How to enqueue as many kernels as there are threads available on version 1.2-CodePudding

so pretty much I'm trying to do some calculations where it starts off with 10-20~ objects, but by doing calculations on these objects it creates 20-40 and so on and so forth, so slightly recursive but not forever, eventually the amount of calculations will reach zero. I have considered using a different tool but its kind of too late for that for me. Its kind of an odd request which is probably why no results came up.

In short I'm wondering how it is possible to set global work size to as many threads as there are available. For example if the GPU can have X different processes running in parallel it will set that to global work size to X.

edit:it would also work if I can call more kernels from the GPU but that doesn't look possible on version 1.2.

CodePudding user response：

There is not really a limit to global work size (only above 2^32 threads you have to use 64-bit ulong to avoid integer overflow), and the hard limit at 2^64 threads is so large that you can never possibly come even close to it.

If you need a billion threads, than set global work size to a billion threads. The GPU scheduler and hardware will handle that just fine, even if the GPU only has a few thousand physical cores. In fact, you should always launch much more threads than there are cores on the GPU; otherwise the hardware won't be fully saturated and you loose performance. Only issue could be to run out of GPU memory.

Launching kernels from within kernels is only possible in OpenCL 2.0-2.2, on AMD or Intel GPUs.

CodePudding user response：

It sounds like each iteration depends on the result of the previous one. In that case, your limiting factor is not the number of available threads. You cannot cause some work-items to "wait" for others submitted by the same kernel enqueueing API call (except to a limited extent within a work group).

If you have an OpenCL 2.0 implementation at your disposal, you can queue subsequent iterations dynamically from within the kernel. If not, and you have established that your bottleneck is checking whether another iteration is required and the subsequent kernel submission, you could try the following:

Assuming a work-item can trivially determine how many threads are actually needed for an iteration based on the output of the previous iteration, you could speculatively enqueue multiple batches of the kernel, each of which depends on the completion event of the previous batch. Inside the kernel, you can exit early if the thread ID is greater or equal the number of threads required in that iteration.

This only works if you either have a hard upper bound or can make a reasonable guess that will yield sensible results (with acceptable perf characteristics if the guess is wrong) for:

The maximum number of iterations.
The number of work-items required on each iteration.
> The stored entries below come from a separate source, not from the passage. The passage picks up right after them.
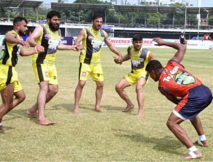 Kabaddi players in action during the match between Khyber Pakhtunkhwa and Sindh teams at Punjab Stadium. PHOTO: APP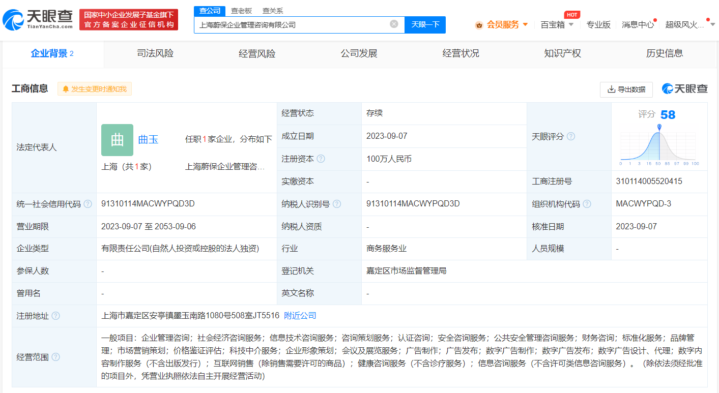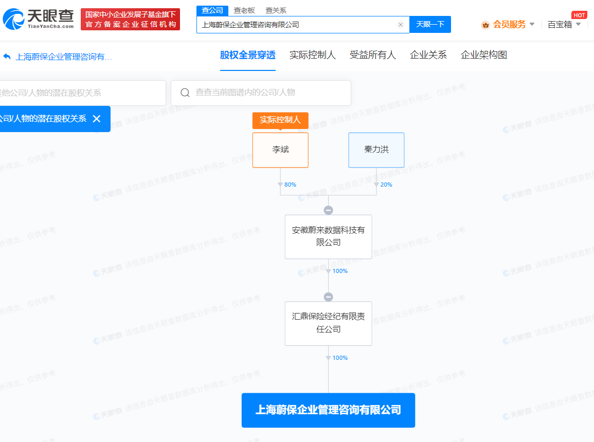南方财经9月12日电,天眼查App显示,近日,上海蔚保企业管理咨询有限公司成立,法定代表人为曲玉,注册资本100万人民币,经营范围包括企业管理咨询、社会经济咨询服务、咨询策划服务、数字内容制作服务、信息咨询服务等。股权全景穿透图显示,该公司由汇鼎保险经纪有限责任公司全资持股,后者为李斌、秦力洪共同持股的安徽蔚来数据科技有限公司全资子公司。
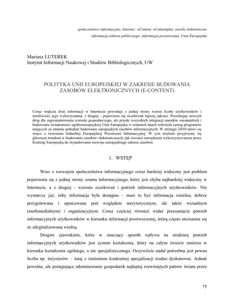 społeczeństwo informacyjne, Internet , eContent, eContentplus, zasoby elektroniczne informacja sektora publicznego, informacja przestrzenna, Unia Europejska Mariusz LUTEREK Instytut Informacji Naukowej i Studiów Bibliologicznych, UW POLITYKA UNII EUROPEJSKIEJ W ZAKRESIE BUDOWANIA ZASOBÓW ELEKTRONICZNYCH (E-CONTENT) Coraz większa ilość informacji w Internecie powoduje z jednej strony wzrost liczby użytkowników i możliwości jego wykorzystania, z drugiej - pojawienie się oczekiwań lepszej jakości. Poszukując nowych dróg dla zagwarantowania wzrostu gospodarczego, ale przede wszystkich integracji narodów europejskich i budowania świadomości ogólnoeuropejskiej Unia Europejska w ostatnich latach wdrożyła szereg programów mających za zadanie pobudzić budowanie europejskich zasobów informacyjnych. W strategii i2010 mówi się wręcz o tworzeniu Jednolitej Europejskiej Przestrzeni Informacyjnej. W tym artykule przyjrzymy się głównym trendom w budowaniu zasobów elektronicznych, jak również narzędziom wykorzystywanym przez Komisję Europejską do stymulowania rozwoju europejskiego sektora zasobów. 1. WSTĘP Wraz z rozwojem społeczeństwa informacyjnego coraz bardziej widoczny jest problem pojawienia się z jednej strony szumu informacyjnego, który jest chyba najbardziej widoczny w Internecie, a z drugiej - wzrostu oczekiwań i potrzeb informacyjnych użytkowników. Nie wystarczy już, żeby informacja była dostępna – musi to być informacja rzetelna, dobrze przygotowana i opracowana pod względem merytorycznym, ale także wizualnym (multimedialnym) i organizacyjnym. Coraz częściej również widać przesunięcie potrzeb informacyjnych użytkowników w kierunku informacji przetworzonej, którą często utożsamia się ze zdygitalizowaną wiedzą. Drugim zjawiskiem, które w znaczący sposób wpływa na strukturę potrzeb informacyjnych użytkowników jest system kształcenia, który na całym świecie zmierza w kierunku kształcenia ogólnego, a nie specjalistycznego. Oczywiście nadal potrzebna jest pewna liczba np. inżynierów – tutaj z istnieniem konkretnej specjalizacji trudno dyskutować. Jednak powolne, ale postępujące zdominowanie gospodarek najlepiej rozwiniętych państw świata przez 75 sektor usług siłą rzeczy wymusza kształcenie, które pozwoli absolwentom znaleźć się na żywym, ewoluującym rynku pracy. W ten sposób otrzymujemy dużą grupę użytkowników, którym wiedza i doświadczenie pozwala na przyswajanie sobie informacji z różnych dziedzin. W rezultacie, obserwując kierunek przemian gospodarczych, można śmiało powiedzieć, że zapotrzebowanie na informację przetworzoną będzie rosnąć. Stymulowanie dostępu do wiedzy (również wiedzy zdygitalizowanej) od kilku lat jest jednym z priorytetów Unii Europejskiej. W niniejszym artykule przyjrzymy się niektórym programom, realizowanym przez Wspólnoty, a także przeanalizujemy powody, dla których w ostatnich latach szczególnie ważnym priorytetem dla Unii stała się promocja tworzenia tzw. treści europejskich (ang. European e-content) w Internecie. 2. GŁÓWNE TRENDY W BUDOWANIU ZASOBÓW ELEKTRONICZNYCH Rozwój społeczeństwa informacyjnego jest silnie związany z pojęciem globalizacji – ekonomicznej, kulturalnej, społecznej. Z kolei pojęcie globalizacji jest często, pejoratywnie, utożsamiane z terminem „amerykanizacja”, który jest dla wielu synonimem komercjalizacji rozumianej w najbardziej brutalny, twardy, kapitalistyczny sposób. Podobnie jak w gospodarce, tak i w budowaniu zasobów elektronicznych mówimy o globalizacji, która wyrażają się między innymi: ponadnarodowym charakterem wielu serwisów (informacji, usług) – np. Yahoo, eBay, budowaniem zintegrowanych punktów dostępu do zasobów informacyjnych w różnych miejscach świata, dominacją elementów amerykańskich, czy mówiąc szerzej – anglosaskich. Ta ostatnia uwarunkowana jest wieloma czynnikami gospodarczymi (rankingi największych firm międzynarodowych zdominowane są przez koncerny amerykańskie), społecznymi (kraje anglosaskie to są z reguły kraje z lepiej wykształconym – wysoki stopień scholaryzacji – i bardziej dostatnim społeczeństwem), kulturowymi (państwa te tworzą uwspólnioną przestrzeń kulturową, język angielski ma status języka międzynarodowego), czy nawet historycznymi (Internet powstał w Stanach Zjednoczonych, tak więc pierwsze treści były produkowane głównie w języku angielskim). 76 Obok globalizacji (i związanej z nią pewnej homogenizacji zasobów) obserwowany jest proces odwrotny – tzw. lokalizacji treści, która często bywa mylnie rozumiana jako zwykłe przetłumaczenie strony z języka oryginalnego na język grupy docelowej. Tymczasem właściwa lokalizacja treści wychodzi daleko poza kryterium językowe i dotyka zarówno kwestii kulturalnych, społecznych jak i gospodarczych, właściwych dla danej grupy docelowej 1 . Oba te procesy, globalizacji i lokalizacji treści, najlepiej obrazują badania przeprowadzone na potrzeby programu eContent w latach 2001-2002. Autorzy badania dokonali analizy 50 najbardziej popularnych stron, z punktu widzenia pochodzenia oraz zasięgu, we wszystkich krajach tzw. starej Unii (UE-15) i Norwegii oraz w Stanach Zjednoczonych. Pochodzenie zdefiniowano jako: strony własne (stworzone przez instytucje, których główna siedziba znajduje się w danym kraju), strony innych krajów Unii Europejskiej (stworzone przez instytucje, których główna siedziba znajduje się w innym kraju UE) oraz pozostałe (stworzone przez instytucje, których główne siedziby znajdują się poza krajami UE). Z kolei kryterium zasięgu obejmowało trzy podkryteria: narodowe (strony, których grupą docelową jest społeczność danego kraju), ponadnarodowe (strony, które nie są budowane w oparciu o kryteria narodowe, mają charakter globalny) oraz strony zlokalizowane (strony, których treści, pierwotnie przeznaczone

Submitting, say UINT32_MAX work items for each iteration will likely not make any sense in terms of performance, as the number of work-items that fail the check for whether they are needed will dominate.

You can work around incorrect guesses for the latter number by surrounding the calculation with a loop, so that work item N will calculate both item N and M N if the number of items on an iteration exceeds M, where M is the enqueued work size for that iteration.

Incorrect guesses for the number of iterations would need to be detected on the host, and more iterations enqueued.

So it becomes a case of performing a large number of runs with different guesses and gathering statistics on how good the guesses are and what overall performance they yielded.

I can't say whether this will yield acceptable performance in general - it really depends on the calculations you are performing and whether they are a good fit for GPU-style parallelism, and whether the overhead of the early-out for a potentially large number of work items becomes a problem.